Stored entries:
= = =

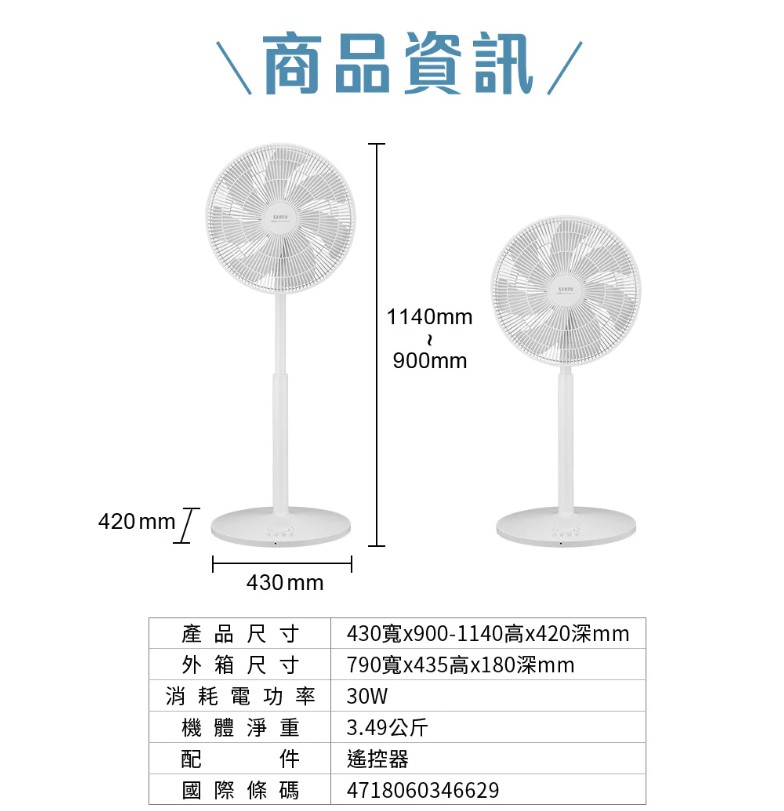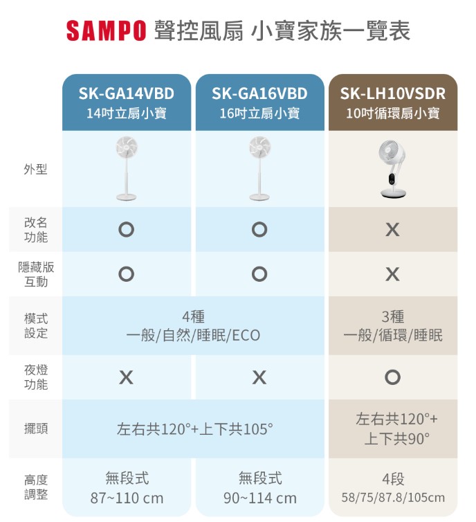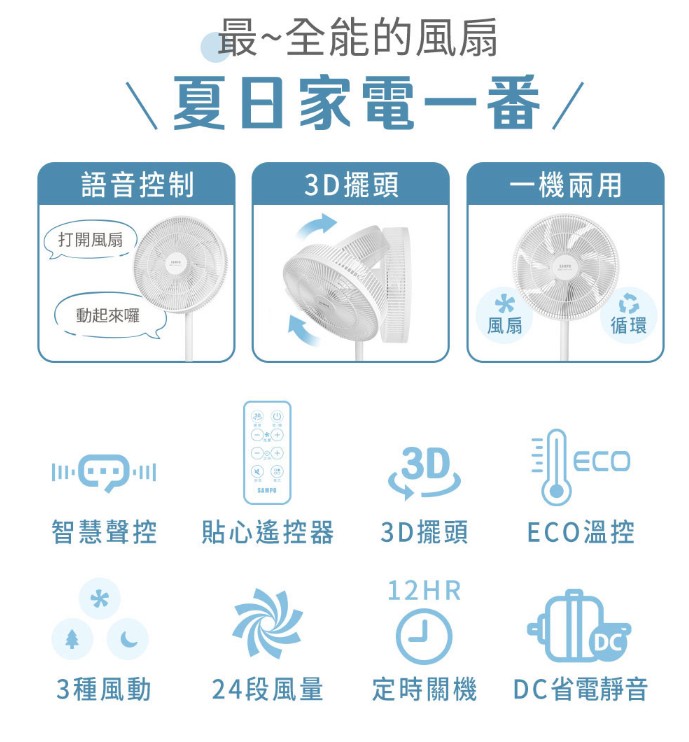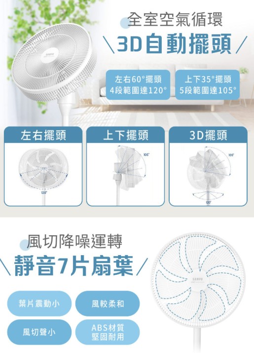 小寶2.0|小寶電風扇/小寶小寶 【SAMPO 聲寶】智能聲控3D循環DC馬達立扇(SK-GA14VBD/SK-GA16VBD) 附遙控器
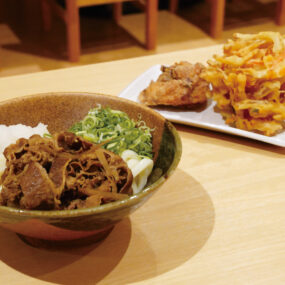 「地元の方に日常食として利用してほしい」と坂出にOPEN!名物「肉ぶっかけ」は、厳選した牛肉を甘辛醤油だれでじっくりと味付けしており、うどんがススム!21時まで営業しているので仕事終わりでも寄れるのが嬉しい。
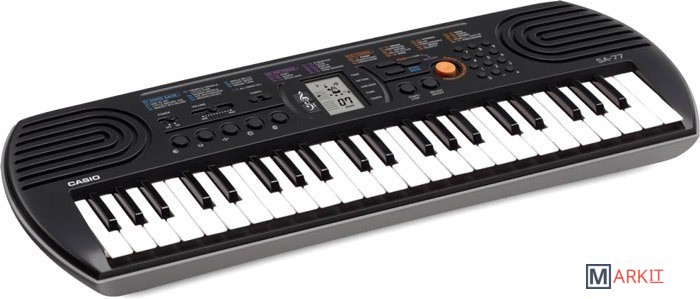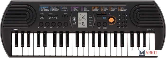 Модели SA-76 и SA-77 с 44 клавишами предлагают всем начинающим уникальные музыкальные возможности. 100 тембров, 50 стилей, встроенные композиции для обучения, новейший звуковой процессор с серьезной для таких синтезаторов 8-ми нотной полифонией, а также ЖК дисплей, помогающий с первых шагов разобраться в 2-х строчной нотной грамоте – все это делает инструмент отличным помощником для начинающего музыканта. Также в обеих моделях – SA-76 и SA-77 есть отдельная, вынесенная на корпус кнопка быстрого переключения между звуками фортепьяно и органа ( SA-76) и фортепьяно и язычкового органаоргана (SA-77). Обе модели имеют дизайн в стиле ретро, отличаясь между собой цветовой палитрой – SA-76 в ярко оранжевом , а SA-77 в серебристом корпусах. Но какой бы инструмент вы не выбрали, он идеально подойдет для вашего креативного ребенка.
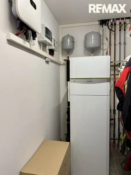 Beheizt wird mittels einer Fußbodenheizung durch eine Luftwärmepumpe.
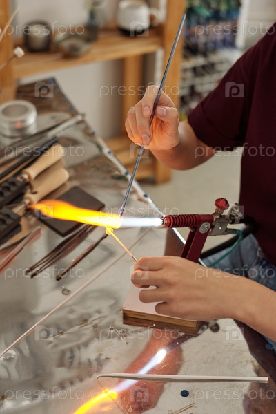 Девушка-ремесленница, сидящая на рабочем месте и сжигающая изделия в форме палочки с огнем
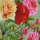 Este producto presenta un elegante patrón de rosas audaces en colores radiantes - rojo, amarillo, rosa y complementado con follaje verde.
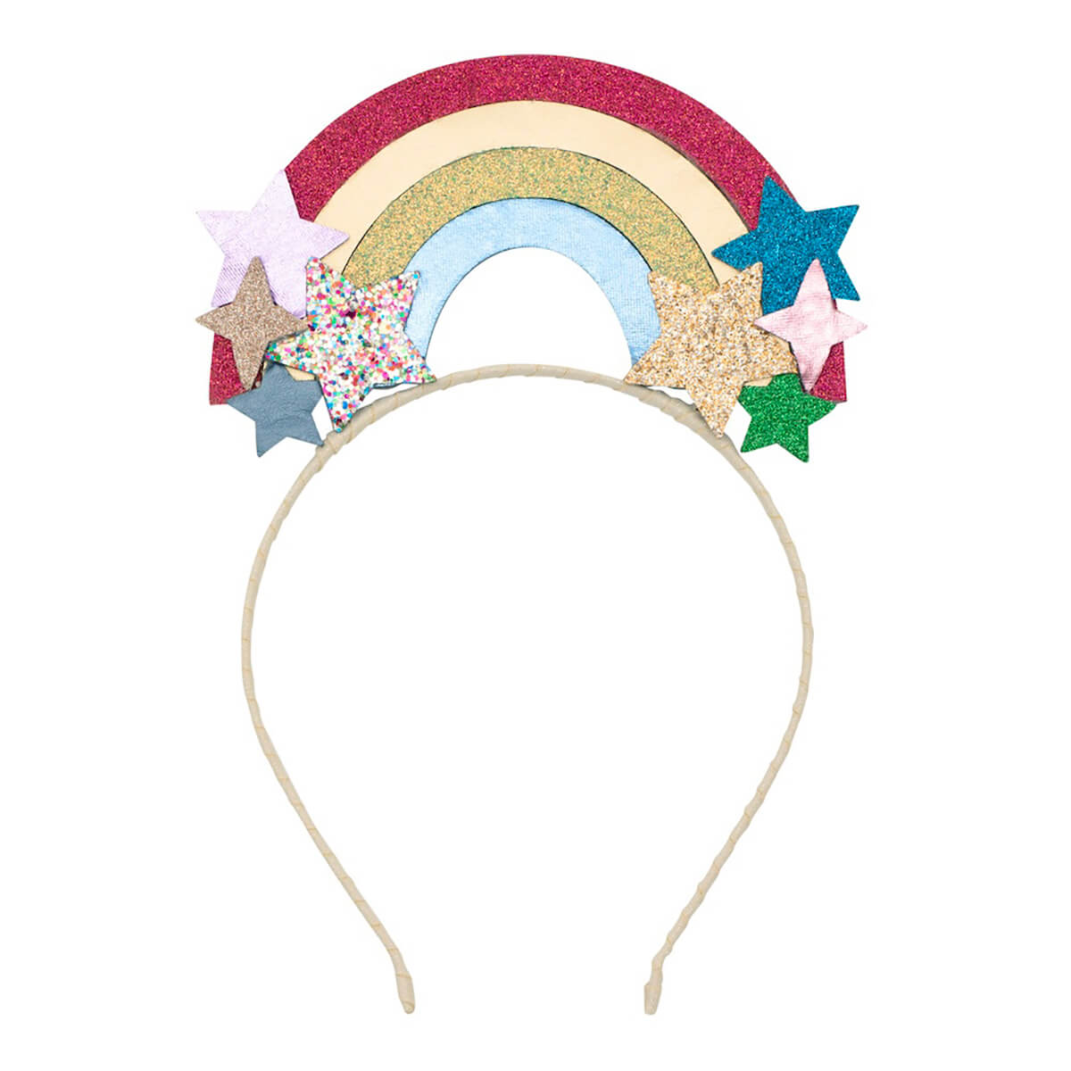 Glitter fabric ribbon wrapped alice band adorned with a brightly coloured oversized rainbow overlaid with eight shimmering stars, all crafted from a mix of glitter and metallic soft leatherette fabrics.
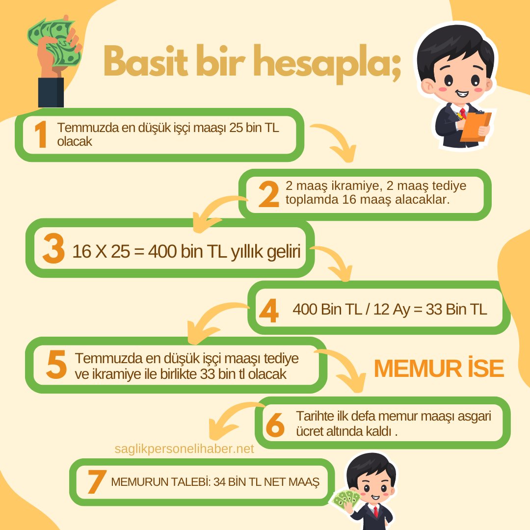 Memurlar, yaşam standartlarını koruyabilmek ve geçimlerini sağlamak için yoksulluk sınırı üzerinde bir maaş talep ediyor. Bu talepler, asgari ücret ve kamu işçilerinin maaşlarının memur maaşlarına kıyasla daha yüksek olmasından kaynaklanıyor. Temmuz zammıyla kamu işçisi temizlik personelinin aylık maaşı 30 bin lirayı bulacak.
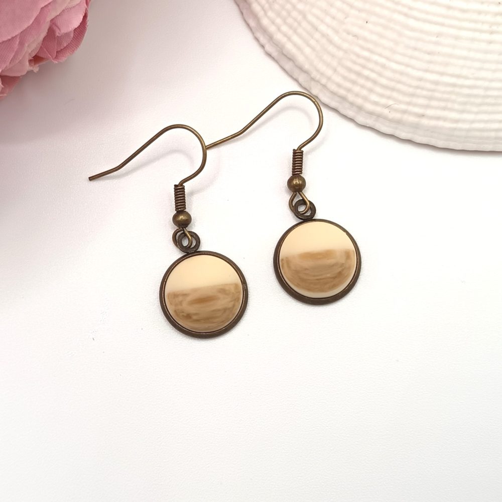 Antik bronz akasztós fülbevaló – bézs / barna lencsével
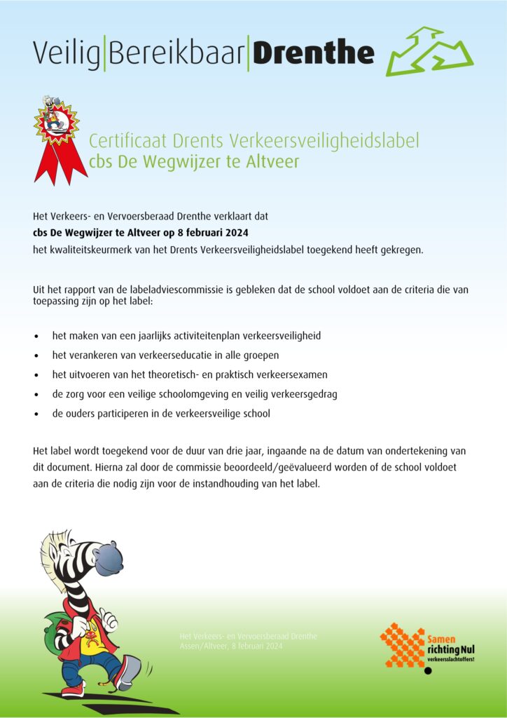 Elke drie jaar worden we door de provincie beoordeeld op de verkeersveiligheid in en om de school. Als school moet je voldoen aan een aantal punten om in aanmerking te komen voor het Drents Veiligheidslabel (DVL). Onlangs hebben we de hercertificering ontvangen.
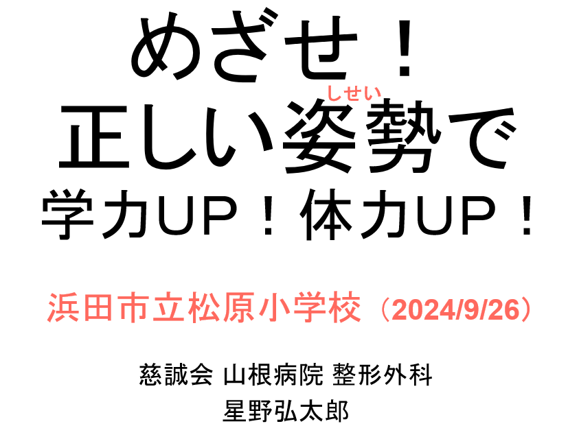 | 2024/10/3講演(島根県浜田市) 浜田市立今福小学校にて、3~6年生23名に向けて、子どもたちの正しい姿勢をテーマに講演させていただきました。本テーマでの講演は、2017年から23回目で、本校は2回目の訪問になります。毎回バージョンアップして、よい姿勢のための4つの体操、子どもの体と整形外科の病気について、ドクターのなり方、夢をもって勉強してもらうための知識など楽しくお話しさせていただきました。生徒のみなさん、目をキラキラさせて一生懸命聞いてくれてうれしかったです。アンケートにて「楽しらないことがわかってよかった」が20人でした! |
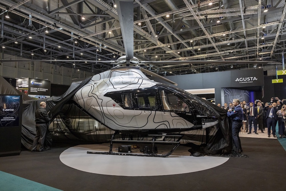 Die AW09 Agusta ist das neueste Modell im Produktportfolio des italienischen Herstellers Leonardo Helicopters. Es wurde heute auf der EBACE in Genf feierlich enthüllt und stieß auf reges Interesse des Publikums.
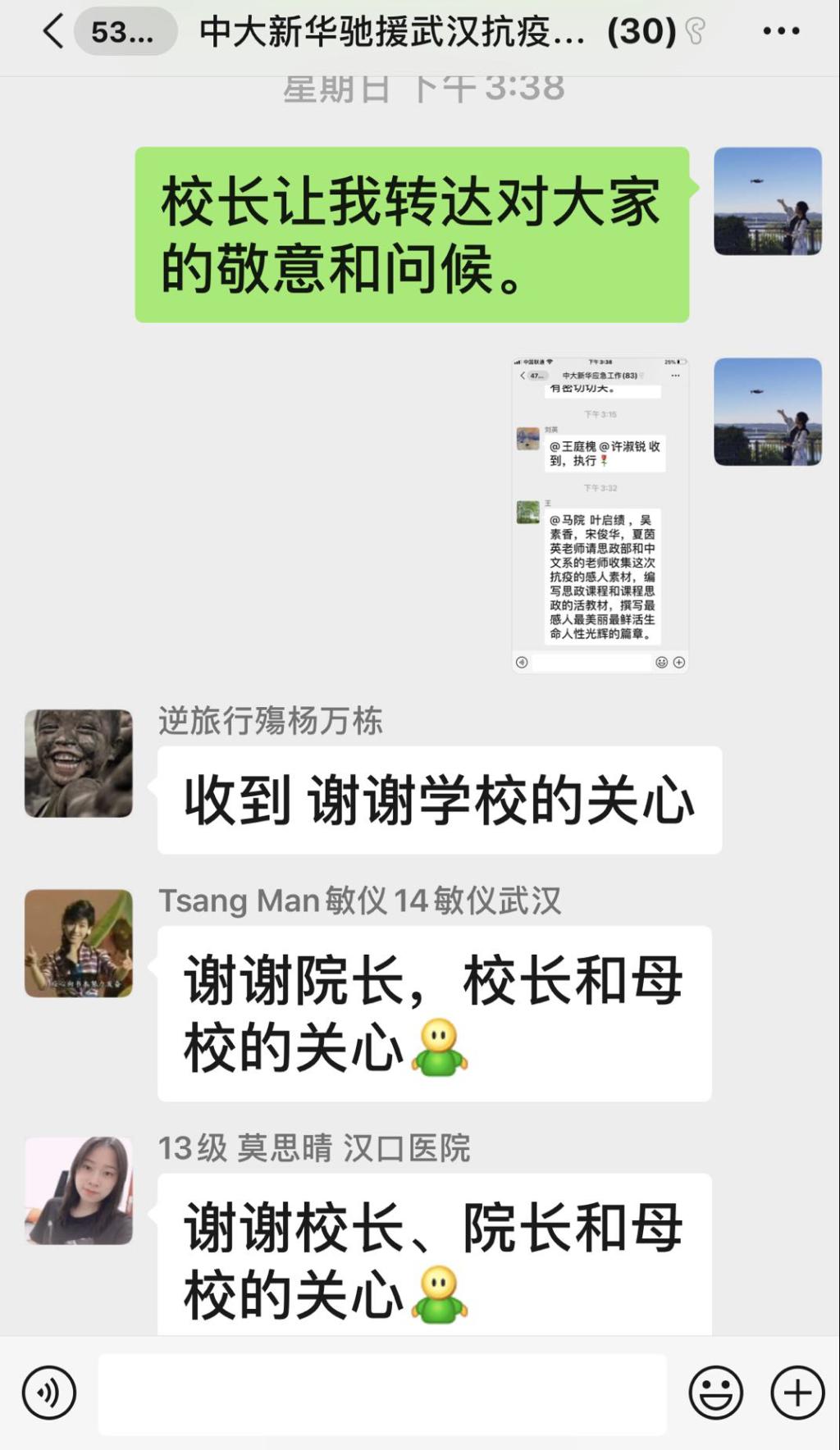 中山大学新华学院驰援湖北的护理校友知道母校的关爱后在微信群里表示感谢
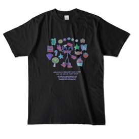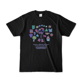 b black XL🌈PERMANENT SUGAR T-shirt [wonder color]🌈 書いてある文字: パーマネントキャンディストアへようこそ! 000-123-456-666 OZett 2023.5 当社のスナックの食べすぎによる被害に当社は責任を負いません。 https://ozett.o-oku.jp/permanentcandyinc WHITE: https://ozett.booth.pm/items/4808195 この商品はpixivFACTORYで作られた商品です。サンプル画像は完成イメージのため、実物と異なる場合があります。
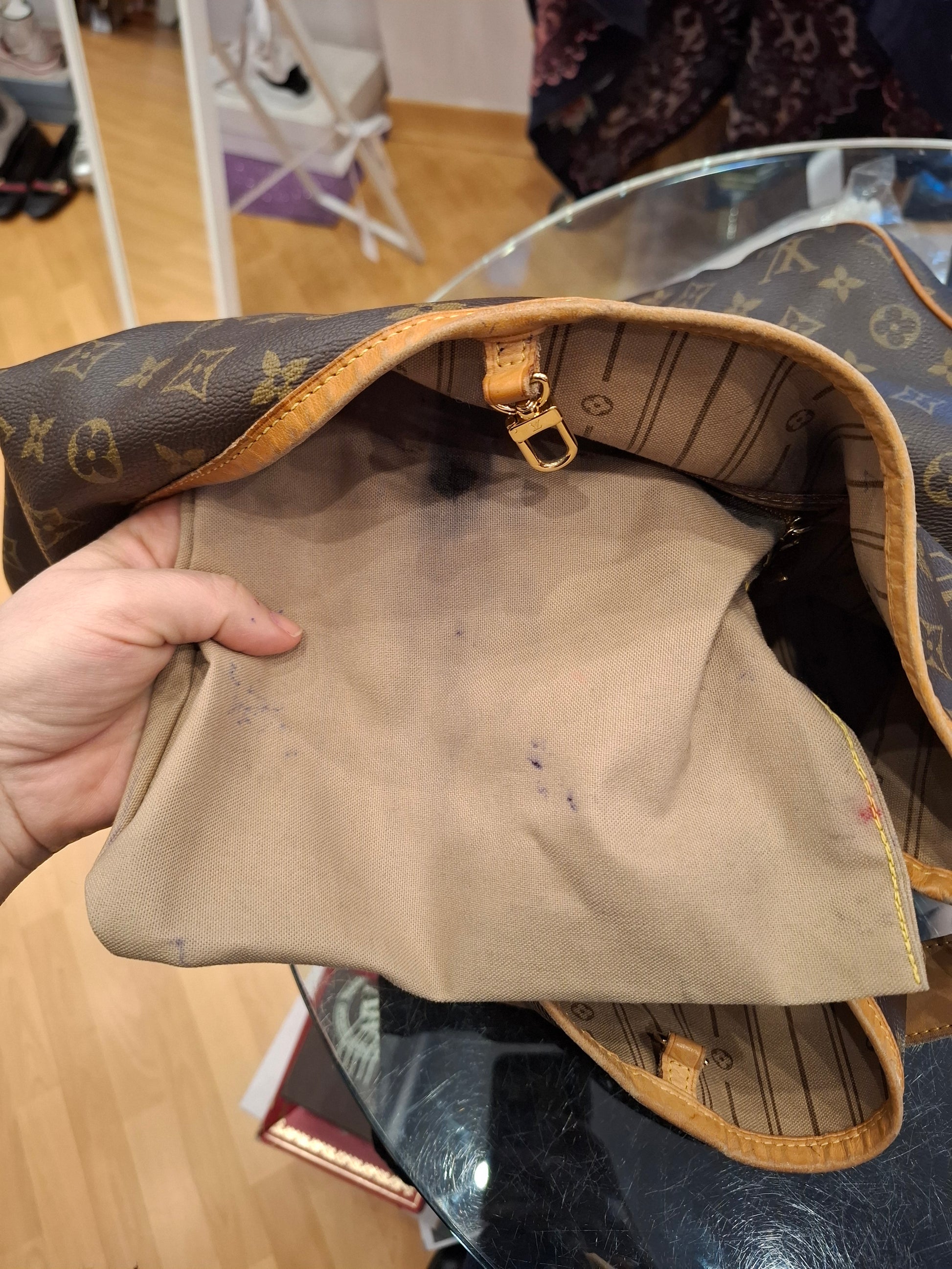 La borsa possiede: -macchie di inchiostro tasca interna
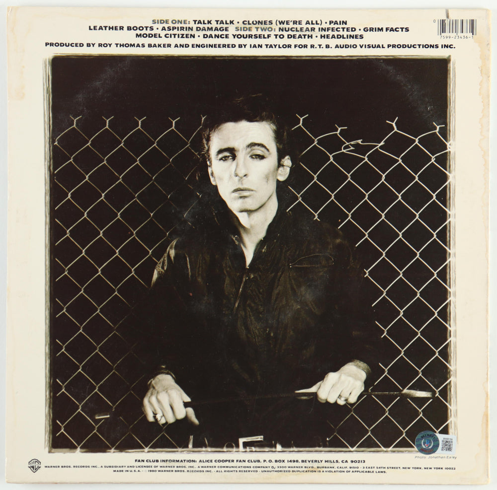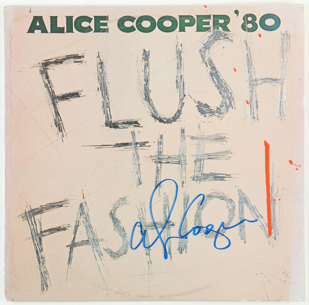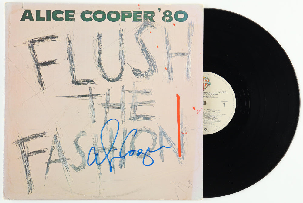 Alice Cooper Signed (Beckett) "Flush the Fashion" Vinyl Record Album - Beckett Witnessed
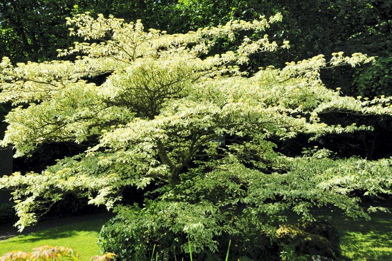 Some trees and shrubs make a tiered “wedding-cake” structure, such as the wedding cake dogwood or viburnum. But some plants can be slow to make height or new tiers and tend to grow wider. In the natural way, an occasional upright shoot is made and this grows to form a new layer of wedding cake or of weeping branches. If a tree or shrub is tardy about making height, it can be given encouragement by selecting a young, strong but pliable branch at the top and tying it upright to a strong cane, which is in turn tied to the plant itself. This gives the upright branch more nutrients and it usually, though not always, takes off nicely. Leave the cane in position for a year or so.
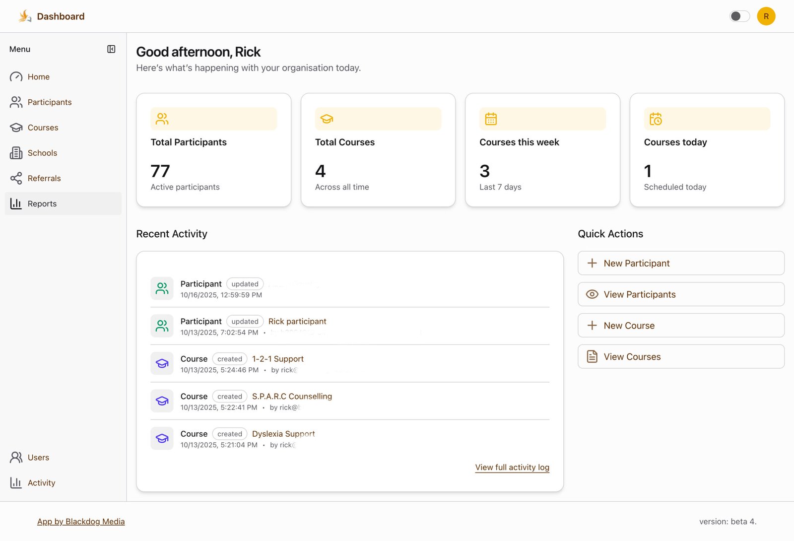 A local charity approached us to build a database to record of their participants. We built an attendance recording system, participant records, charts, graphs and reports, exportable spreadsheets.
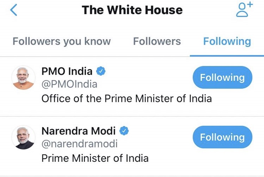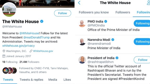 व्हाइट हाउस के करीब 21 मिलियन ट्विटर फॉलोअर्स हैं। लेकिन यह अकाउंट सिर्फ 19 लोगों को फॉलो करता है। 19 में से 16 अमेरिकी ट्विटर अकाउंट हैं। बाकी के तीनों भारत से संबंध रखते हैं। ये तीनों हैं- नरेंद्र मोदी का अकाउंट, प्रधानमंत्री कार्यालय का अकाउंट और राष्ट्रपति भवन का अकाउंट।
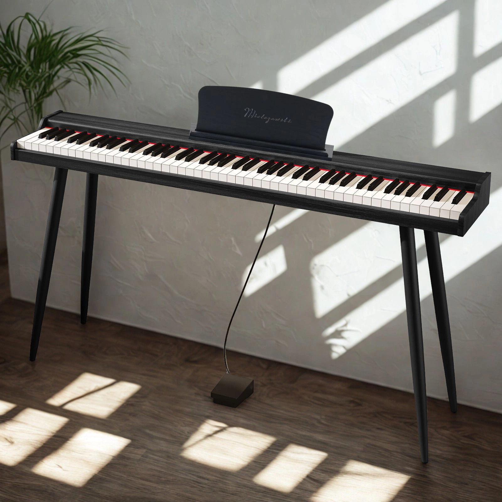 Pianino cyfrowe CANZONA w kolorze czarnym to doskonałe połączenie klasycznego wyglądu, wysokiej jakości brzmienia i nowoczesnych funkcji. Dzięki eleganckiemu wykończeniu oraz stabilnemu stojakowi z nogami instrument prezentuje się wyjątkowo stylowo – idealnie pasuje do salonu, pokoju muzycznego czy sali ćwiczeń. To pianino stworzone z myślą o osobach, które pragną cieszyć się grą niezależnie od poziomu zaawansowania.

= = =

=== Problem details ===
With the pictures omitted, restate word for word the lines above from the line that has "La borsa possiede: -macchie" up to and including the line that has "व्हाइट हाउस के", and no other lines.

=== Finished exercise ===
 La borsa possiede: -macchie di inchiostro tasca interna
 Alice Cooper Signed (Beckett) "Flush the Fashion" Vinyl Record Album - Beckett Witnessed
 Some trees and shrubs make a tiered “wedding-cake” structure, such as the wedding cake dogwood or viburnum. But some plants can be slow to make height or new tiers and tend to grow wider. In the natural way, an occasional upright shoot is made and this grows to form a new layer of wedding cake or of weeping branches. If a tree or shrub is tardy about making height, it can be given encouragement by selecting a young, strong but pliable branch at the top and tying it upright to a strong cane, which is in turn tied to the plant itself. This gives the upright branch more nutrients and it usually, though not always, takes off nicely. Leave the cane in position for a year or so.
 A local charity approached us to build a database to record of their participants. We built an attendance recording system, participant records, charts, graphs and reports, exportable spreadsheets.
 व्हाइट हाउस के करीब 21 मिलियन ट्विटर फॉलोअर्स हैं। लेकिन यह अकाउंट सिर्फ 19 लोगों को फॉलो करता है। 19 में से 16 अमेरिकी ट्विटर अकाउंट हैं। बाकी के तीनों भारत से संबंध रखते हैं। ये तीनों हैं- नरेंद्र मोदी का अकाउंट, प्रधानमंत्री कार्यालय का अकाउंट और राष्ट्रपति भवन का अकाउंट।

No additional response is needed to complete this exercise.